Таким образом, когда дня через три после посещения княгини заведения Ивана Захаровича в участке было получено строжайшее предписание о производстве немедленного дознания, – Ивана Захаровича не оказалось, и розыски его в городе не увенчались успехом.
Он уже был в Москве и намеревался там заняться другой профессией – открыть питейное заведение.
Супруга его осталась в Петербурге, чтобы распродать вещи, а затем приехать к мужу…
Но Иван Захарович напрасно писал своей Машеньке умоляющие письма. Она не ехала к нему.
XX
В этот вечер "граф", несмотря на дьявольский холод, не очень-то располагающий людей к благотворительности, "работал" довольно недурно.
Какой-то студент, к которому "граф" обратился с просьбой "ссудить его гривенником", взглянув при свете фонаря на страшно изможденное лицо "графа" с лихорадочно блестевшими глазами, как-то торопливо опустил руку в карман своего теплого пальто и, кладя в руку "графа" несколько серебряных монеток, участливо проговорил:
– Вы в больницу бы пошли…
– Вы полагаете, молодой человек? Очень благодарен за помощь и за совет. Очень!..
И, приложившись к цилиндру, "граф" побрел далее.
"В самом деле, этот студент, пожалуй, и прав!" – горько усмехнулся он, чувствуя, как холод прохватывает его всего, как ноет грудь и ломит все тело.
"Неужто машина окончательно испорчена?!" – с тоскою думал он и, пересиливая боль, продолжал свой путь, озирая зорким взглядом проходящих.
– Madame! Quelques sous, s'll vous plait? – произнес он, нагоняя какую-то даму.
И та, взглянув на "графа", торопливо вынула из портмоне двугривенный и подала ему.
"Положительно, вид мой внушает сегодня сочувствие… Должно быть, я похож на умирающего… Если б умирающие могли ходить по улицам – они собирали бы себе на приличные похороны!" – размышлял "граф" в каком-то угрюмом озлоблении.
Через два часа прогулки на морозе в костюме, который согревал очень мало, "граф" имел полтора рубля и поспешил домой.
Продрогший и посиневший от холода, чувствуя себя очень скверно, он вошел в свою комнатку и, кивнув Антошке, снял с себя пальто, разделся и лег на постель.
– Вы нездоровы, граф? – тревожно спрашивал Антошка.
– Нет, ничего… Прозяб немного… За ночь все пройдет… Накрой-ка меня, Антошка, моим пальто… Вот так, хорошо…

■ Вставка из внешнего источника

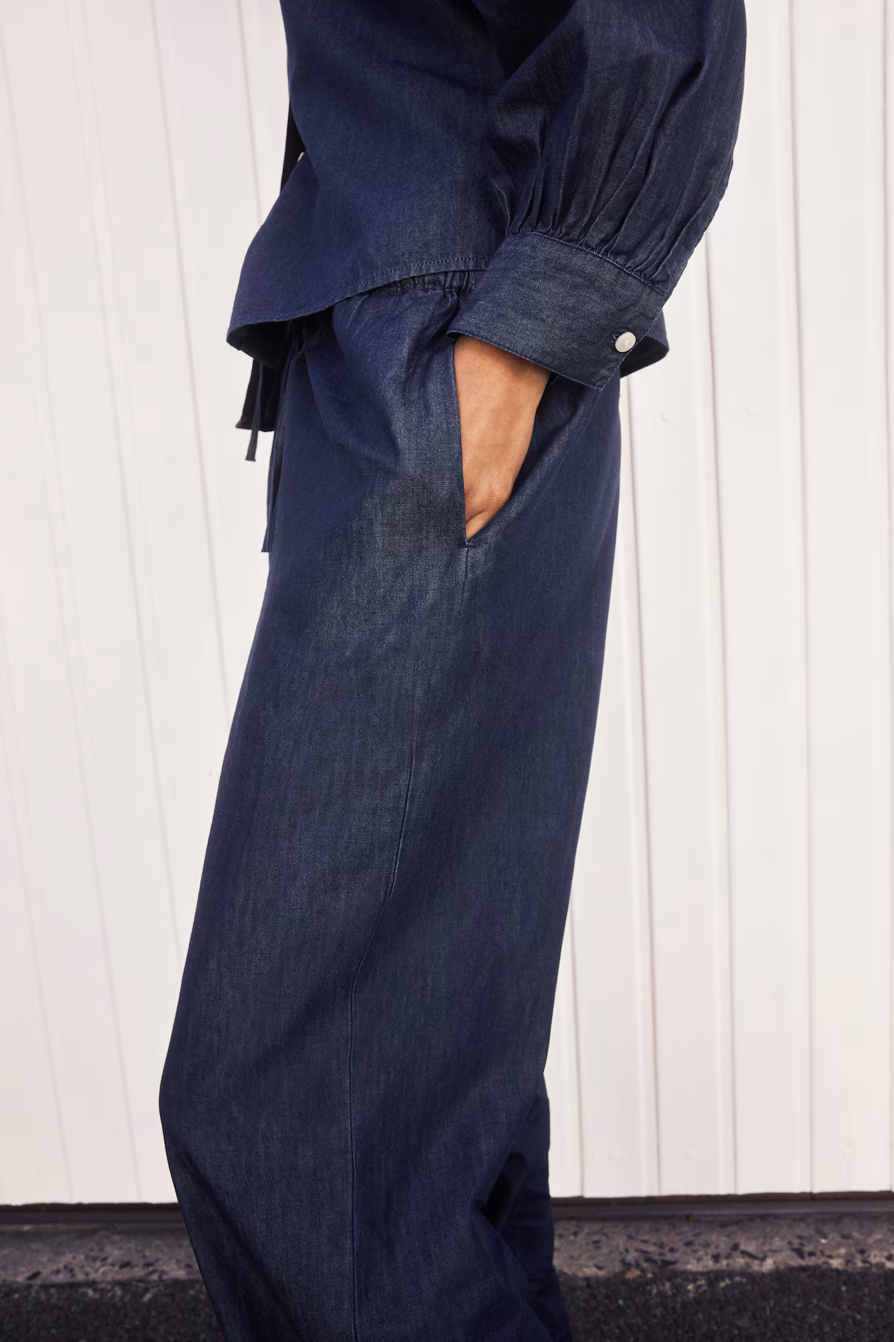 Pants in cotton denim. Elasticized, drawstring waistband and straight legs.

– Сейчас я самовар подам… Чаем согреетесь…
Ни чай, ни несколько стаканов горячей малины, предложенной Анисьей Ивановной, ни полушубок, которым Антошка заботливо накрыл "графа", не согревали иззябшего тела. "Графа" жестоко трясло в ознобе.
Озабоченный Антошка выбежал к Анисье Ивановне и сказал:
– Страх как трясет графа, Анисья Ивановна… Нет ли у вас, чем бы накрыть его.

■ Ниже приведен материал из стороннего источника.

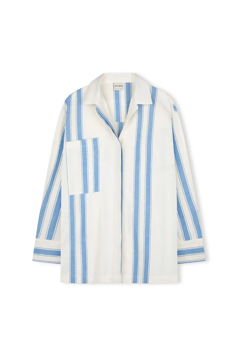 The Marine Stripe Organic Cotton Blend Shirt by Zulu & Zephyr features a custom blue stripe on a classic cream base. Designed with a traditional cuff and concealed placket, this timeless shirt offers a refined yet casual look. Perfect for layering over swimwear or pairing with denim, it’s a versatile staple for any wardrobe. Style with Marine Stripe Organic Cotton Blend Mini Skirt for a coordinated look.
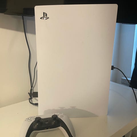Siistikuntoinen, hienosti toimiva pinkki Playstation 5 digikonsoli, sekä Dualsense ohjain. 825gt tallennustilaa.
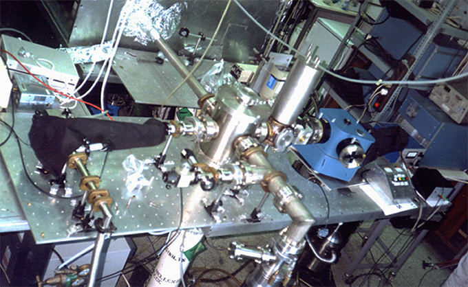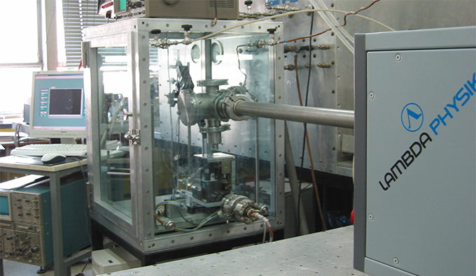 VUV pulsed laser deposition workstation, used to fabricate core–shell nanostructures (1-100nm) of hard intermetallic alloys. The main components of the system are: (1) The 157 nm laser (by Lambda-Physik LPF 200). (2)  The VUV high quality axial laser beam focusing optics. (3) The computer-controlled X-Y-Z motorized stage bearing the substrate where the core-shells are grown. The system is operating at high vacuum conditions inside an all-stainless-steel chamber. Various nano-structured core-shells, semiconductors and quazicrystals, have been synthesized with this configuration. Applications include: (1) Investigation of the magnetic and electronic properties on nano-structures. (2) Development of new photonics systems with defined functionalization such as photovoltaics. (3) Hydrogen storage nano-materials from intermetallic alloys. (4) Quazicrystals, and (5) magnetic core-shells.
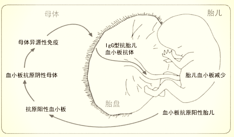 血小板抗体不会天然产生,主要在妊娠、输血免疫等因素刺激下产生。已有研究报道胎母红细胞血型抗体不合是导致晚期习惯性流产的重要原因之一,而胎母血小板血型抗原不合产生的血小板同种抗体是早期流产的主要原因,血小板同种抗体主要包括HLA抗体和HPA抗体。其中FAIT主要由HPA抗体介导,即HPA阴性的母亲因怀孕具有HPA阳性(从父亲处获得)的胎儿或输入HPA阳性的全血或血小板而被致敏。与本病最相关的血小板抗原主要是存在于血小板膜糖蛋白Ⅱb/Ⅲa上的HPA-1、HPA-2、HPA-3、HPA-4和HPA-5,其中HPA-1a的抗原性最强,人群中约2%-3%为阴性,一半以上的FNAIT与HPA-1a抗体相关,其次为HPA-5b抗体。

Анисья Ивановна предложила свою шубейку и промолвила:
– Простудился наш Александр Иваныч… Теперь его лихорадка и бьет…
– А она пройдет, эта самая лихорадка? – испуганно спрашивал Антошка.

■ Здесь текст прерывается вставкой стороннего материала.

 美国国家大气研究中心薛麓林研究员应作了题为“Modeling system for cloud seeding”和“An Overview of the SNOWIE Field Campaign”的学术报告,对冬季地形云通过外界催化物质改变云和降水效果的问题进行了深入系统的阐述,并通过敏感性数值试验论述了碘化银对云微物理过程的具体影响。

– Как бог даст… Больной он… Ишь ведь вышел в какую погоду.
– А я, Анисья Ивановна, еще печку стоплю… Можно?
– Топи, Антошка.
– А ежели завтра графу не станет лучше, надо бы за доктором… как вы думаете?
– То-то, лучше бы за доктором…
– Дорого поди стоит?
– Ничего не стоит… Тут недалеко барышня-докторша квартирует… казенная, значит… от города… Завтра сбегаешь за ней, Антошка… Она раз лечила меня… Славная такая, даром что из жидовок, – прибавила она.
Антошка вернулся в комнату "графа" несколько успокоенный. Он еще накрыл "графа" и не пожалел дров, накладывая печку.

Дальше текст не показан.